Up from Bondage: The Literatures of Russian and African American Soul, by Dale E. Peterson. Durham: Duke UP, 2000. 249 pp. ISBN 0-8223-2560-8.

The possibility of comparing Russian and African-American experiences of bondage within literate cultures that celebrated the European Enlightenment tale of progress toward free individuals and self-determining nations has been an attractive and intriguing one recognized first by some of the African American writers and thinkers examined in Dale Peterson's Up from Bondage: The Literatures of Russian and African American Soul. Academics have addressed the problem in the biographical details of individual authorial inspiration and from a historical-sociological perspective in work such as Peter Kolchin's Unfree Labor: American Slavery and [End Page 222] Russian Serfdom (Cambridge: Harvard UP, 1987). Although the suggestive parallels of intellectual and literary history have been, in this reviewer's experience, a topic of conversation in and out of the classroom, Peterson's is, so far as I know, a pioneering overview. Compiled largely of previously published essays substantially reworked into explicitly comparative exercises (a sign of an evolving sensibility on the author's part and, perhaps, an indication of continuing uncertainty about the status of comparative work in many of our discipline-based journals), Up from Bondage has much to offer the student of the varieties of nationalism in the course of performing some new readings of Russian and African American literary classics.

Peterson's chapters pair Russian and African American members of literate elites, examining their strategies for negotiating with the conventions of European culture in order to come to terms with or problematize the relations of their marginalized peoples to an exclusionary, Eurocentric process of universal history, whether by devising means for "belated" assimilation or for producing a recognizably unique, oppositional ethnic voice. The time span and range of textual practices are broad, extending from Alexander Crummell to Henry Louis Gates, Jr., and Houston Baker, Jr., on the one hand, and from Peter Chaadaev to Valentin Rasputin on the other.

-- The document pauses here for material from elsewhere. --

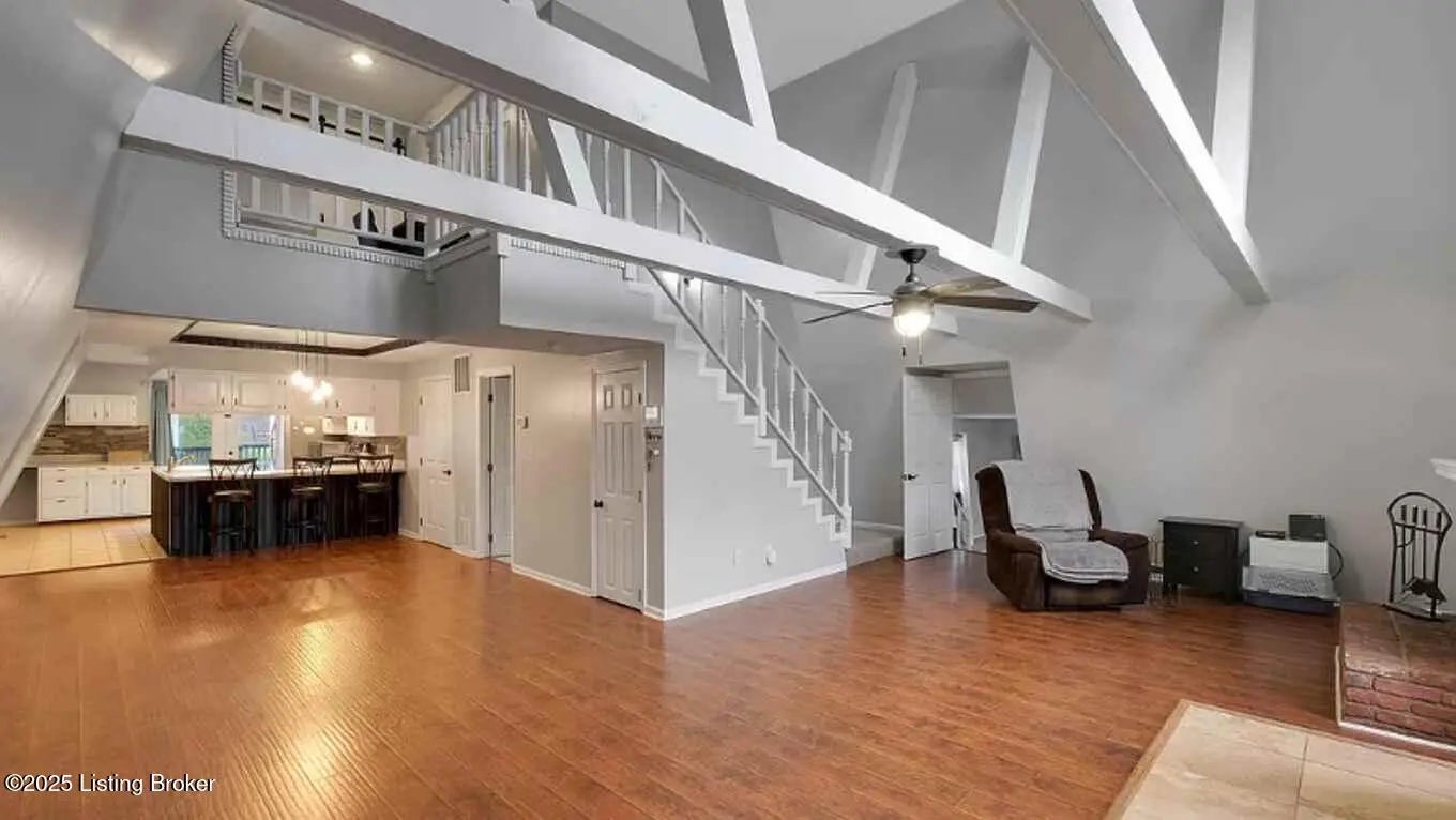 Welcome Home! This A Frame beauty is unique with tall beamed ceilings. You enter a large living room with vaulted/ beamed ceilings open to the updated kitchen and dining area. There are 2 bedrooms and a full bath on the main level. The 2nd floor has a bedroom and full bath. Outside you have a nearly 3/4 lot, detached garage, large in ground pool and deck with plenty of room to entertain.

Any foray into such a field of comparison always leaves the author open to accusations of arbitrariness. I thought, for instance, that where Peterson had chosen Ivan Kireevsky's Slavophilism, Vladimir Solov'ev's complexly ambiguous position on nationalism would provide a more appropriate comparison to W. E. B. Du Bois's early formulations of a socially constructed but effectively real race idea. Still, the ease with which alternate or additional comparisons may be suggested merely confirms Peterson's basic premise that such comparison has much to teach us. He must be congratulated on the fruitfulness of his endeavor, which draws out the many nuances of cultural nationalism through the evidence of convincing close textual reading and scholarly synthesis. Paying careful attention to the details of literary genre, historical and geographical situation, and the interplay of "roots and routes,'" Peterson never allows his objects to collapse into an assimilating sameness. "Soul" is a term whose meaning is radically heterogeneous not only across cultures, but within each. Peterson, rather than attempting to exhaust the subject, has wisely chosen to compile an introductory survey that gestures toward further detailed research, inviting the reader to extend the dialogue.

 



Thomas J. Kitson

Thomas J. Kitson received his MA from The Ohio State University and is continuing his graduate studies at Columbia University in New York.